お話は、オリジナリティがあり面白い。
そして黒澤監督だから、それなりに雰囲気もあり、絵もかっこいい。
亡くなった人が、普通の人のように淡々と現れる。普通の人のように生活しているのだが、やはり別れは訪れる。
その非在感が、「当たり前のように居る」という状況からのギャップから、より悲しみ、喪失感が増す気がする。
淡々と普通に見えて、何か異様な感じがするような雰囲気の映画として、演出は成功していると思う。
だが、なんとなく、この異様な雰囲気というのが、少しナルシスティックな、自意識過剰な幽霊たちを観ているような気分になってしまった。
タルコフスキーなどの耽美的な映像にも雰囲気が似ている気がするのだが、タルコフスキーのように突き放してこない。
突き放しているようで、僕のこと観てと問いかけてきているような。

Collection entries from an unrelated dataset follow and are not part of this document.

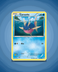 Carvanha is a Common Pokémon card from the Plasma Storm set, numbered 32. It has 60 HP and features the straightforward attack Bite. This card offers a simple yet dynamic addition to any collection.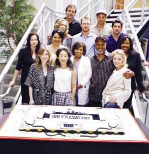 描写医务人员生活的热门美剧《实习医生格蕾》日前完成了第100集的拍摄工作。剧组在洛杉矶的片场举办了一个庆祝派对,并特意准备了一个带有“听诊器”、 “手术刀”等图案的大蛋糕。包括帕特里克·德姆西、桑德拉·欧、凯瑟琳·海格尔(前排右一)等主演均到场留下了“全家福”。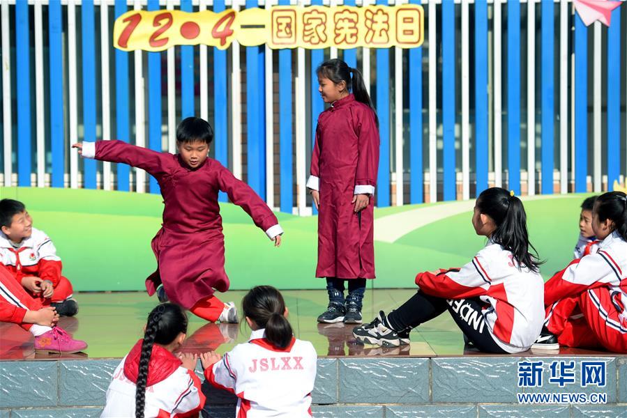 12月4日,在石家庄市建胜路小学,学生们在表演以法律知识为主题的相声节目。

ツンデレな雰囲気を感じる。
そこが気にかかってしまった。
服装もさりげなくおしゃれなカッコよさがあったり。
映画は芸術だから結局は自意識過剰なモノだと思うんだけど、当然力強い自己主張が感じられて当然なのだけど。
この内容だと、本当に普通の、淡々と、間の抜けたようなひょうひょうとした表現の演出だったらより良かったではないか、と思いました。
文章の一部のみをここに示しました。